Input: long MP4 (H.264 + AAC), segmented into 10s chunks

Reproduction
A minimal script that continuously demuxes packets from an input container and muxes them into a sequence of output MP4 files (10s each). Each segment creates a new output container and streams via add_stream_from_template.

Key difference: opaque=False vs opaque=True.

Repro code

import av, os, math, psutil

SEGMENT_DURATION = 10
OUTPUT_DIR = "segments"
INPUT_URL = "http://commondatastorage.googleapis.com/gtv-videos-bucket/sample/BigBuckBunny.mp4"
os.makedirs(OUTPUT_DIR, exist_ok=True)

in_container = av.open(INPUT_URL)
video_stream = in_container.streams.video[0]
audio_stream = in_container.streams.audio[0] if in_container.streams.audio else None

segment_index = 0
video_pts = 0
audio_pts = 0
segment_start_time = None

def start_new_segment(opaque_flag: bool):
    global out_container, out_video_stream, out_audio_stream, video_pts, audio_pts

    path = os.path.join(OUTPUT_DIR, f"segment_{segment_index:06d}.mp4")
    out_container = av.open(path, mode="w")
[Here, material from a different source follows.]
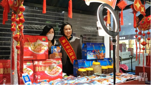 △2023年1月9日,在“2023辽宁网上年货节”上,“第一书记”直播推销当地特产年货。
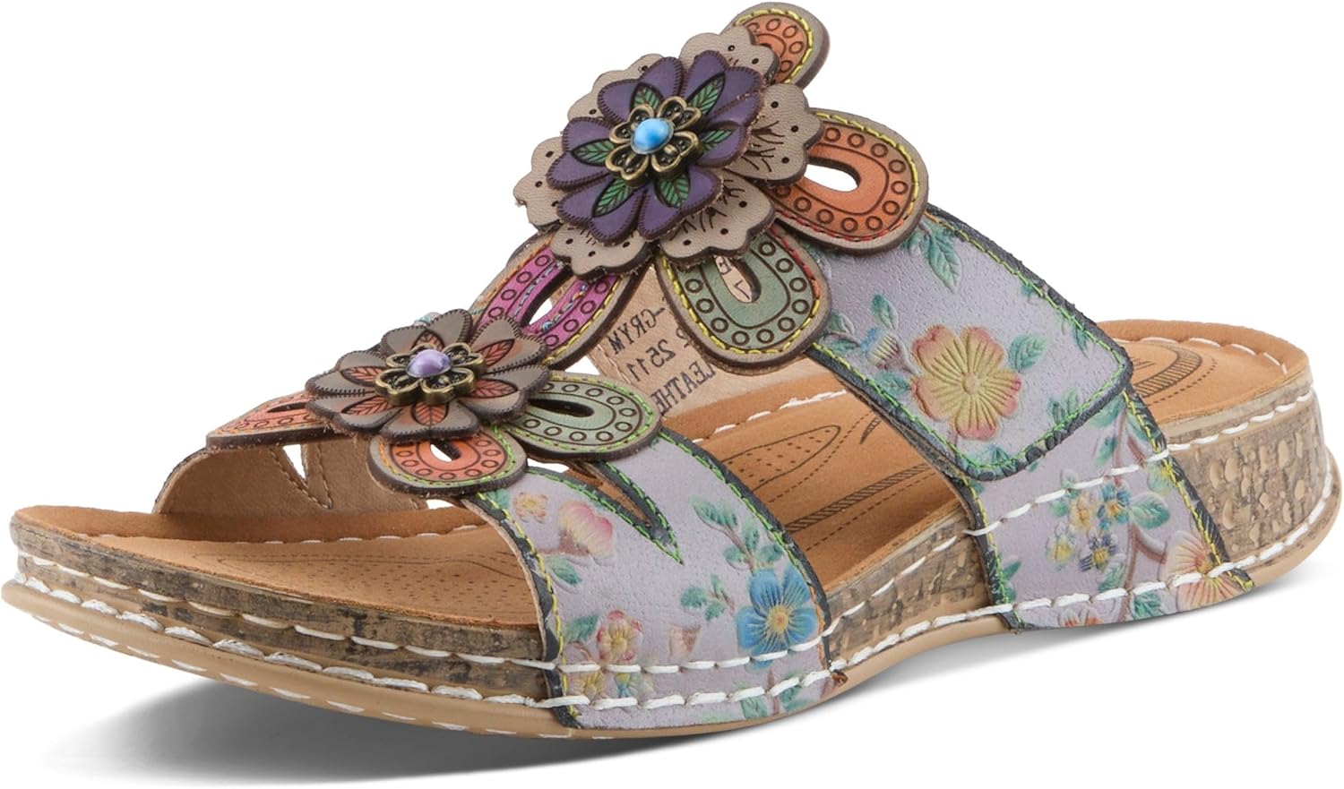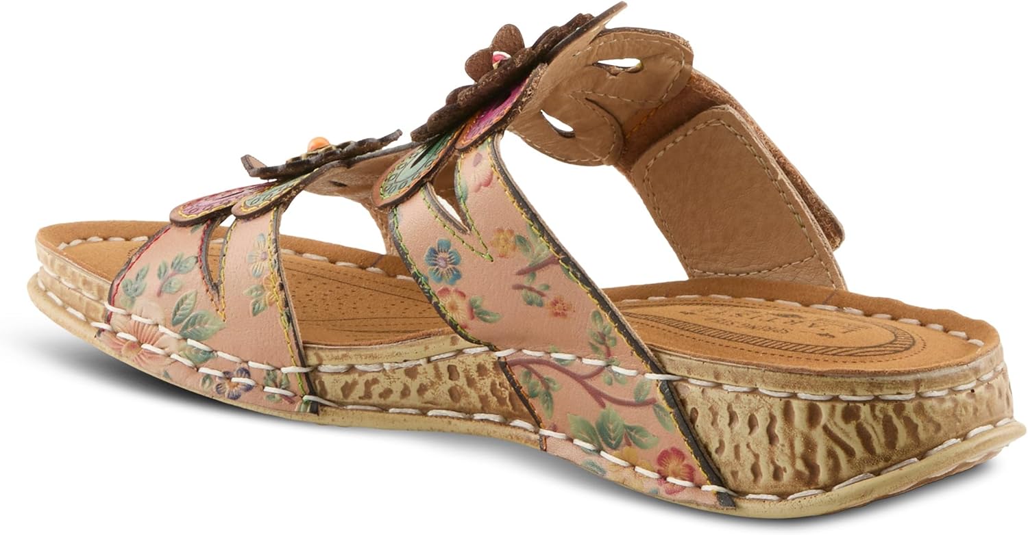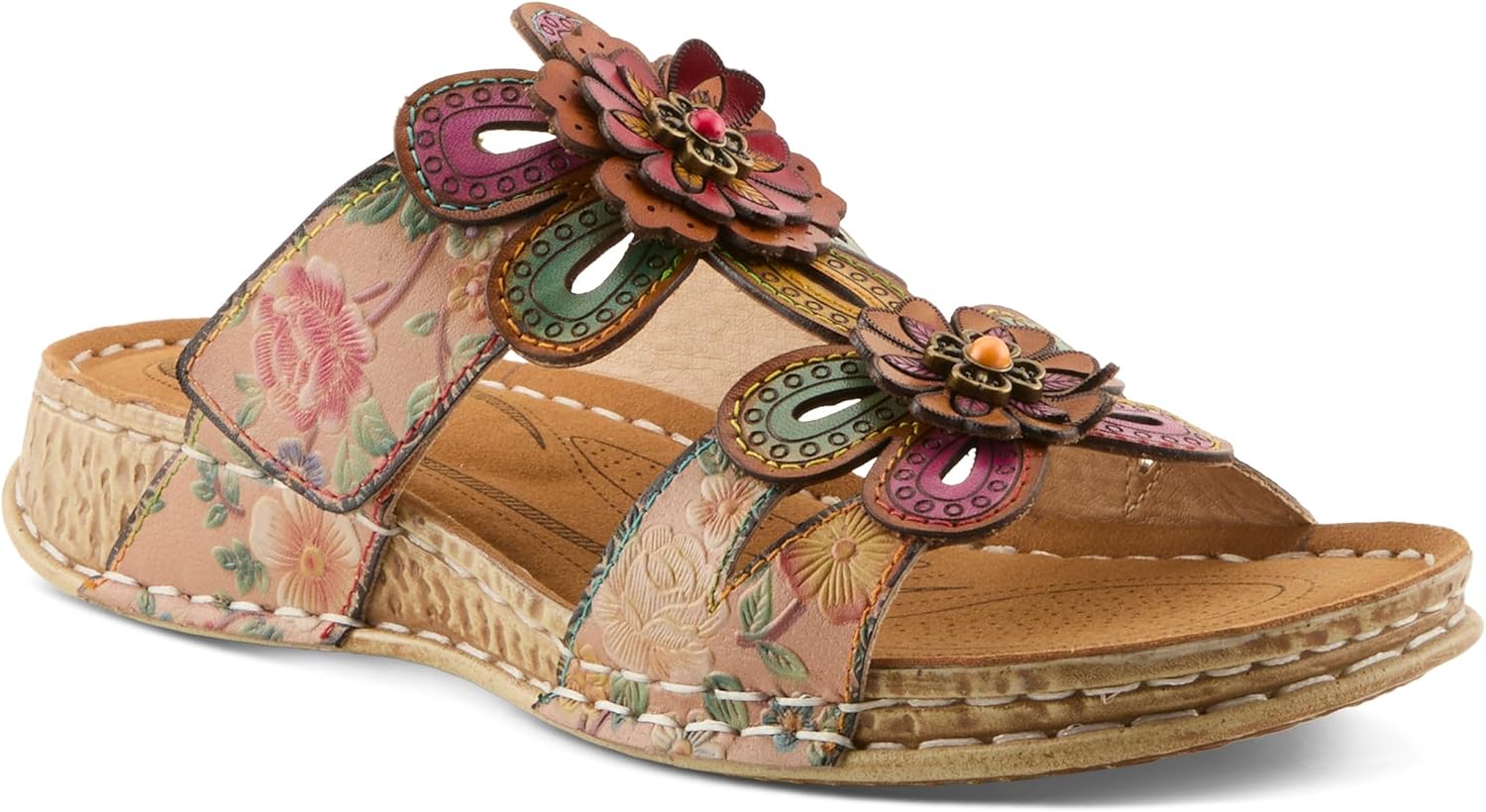 Step into timeless artistry with the L`Artiste Beaudie women's sandal, featuring a hand-painted leather upper that combines embossed floral designs with dimensional leather flowers for an exquisite look. Antique-finish hardware and rounded conchos add a subtle heritage-inspired charm to this statement piece. The sandal is crafted for day-long wearability, boasting a soft microsuede insole and a cushioned footbed that cradles your foot in comfort. The adjustable hook-and-loop closure ensures a personalized fit, making this sandal as practical as it is striking.Flexible poly outsole construction encourages natural movement, offering lightweight stability wherever your day takes you. With its balance of artisan detail and modern comfort, the L`Artiste Beaudie sandal is perfect for elevating everyday style.

    out_video_stream = out_container.add_stream_from_template(
        template=video_stream,
        rate=video_stream.average_rate,
        opaque=opaque_flag,
    )
    out_video_stream.time_base = video_stream.time_base

    out_audio_stream = None
    if audio_stream:
        out_audio_stream = out_container.add_stream_from_template(
            audio_stream,
            opaque=opaque_flag,
        )
        out_audio_stream.time_base = audio_stream.time_base

    video_pts = 0
    audio_pts = 0

    rss = psutil.Process(os.getpid()).memory_info().rss / 1024 / 1024
    print(f"seg={segment_index}, rss={rss:.2f}MB, opaque={opaque_flag}, av={av.__version__}")

# CHANGE THIS FLAG:
OPAQUE_FLAG = False  # True stays stable

start_new_segment(OPAQUE_FLAG)

for packet in in_container.demux((video_stream, audio_stream) if audio_stream else (video_stream,)):
    if packet.pts is None:
        continue

    if packet.stream.type == "video":
        if segment_start_time is None:
            segment_start_time = float(packet.pts * packet.time_base)
        current_time = float(packet.pts * packet.time_base)

        if current_time - segment_start_time >= SEGMENT_DURATION:
            out_container.close()
            segment_index += 1
            segment_start_time = current_time
            start_new_segment(OPAQUE_FLAG)

        packet.pts = video_pts
        packet.dts = video_pts
        packet.stream = out_video_stream
        out_container.mux(packet)
        try:
            packet.unref()
        except Exception:
            pass

        video_pts += 1

    elif packet.stream.type == "audio" and out_audio_stream is not None:
        packet.pts = audio_pts
        packet.dts = audio_pts
        packet.stream = out_audio_stream
        out_container.mux(packet)
        try:
            packet.unref()
        except Exception:
            pass

        audio_pts += packet.duration or 0

out_container.close()
in_container.close()

Observed behavior

With opaque=False, RSS grows quickly across segments (e.g. ~100MB → ~200MB+ over dozens of segments; in longer runs it can keep climbing).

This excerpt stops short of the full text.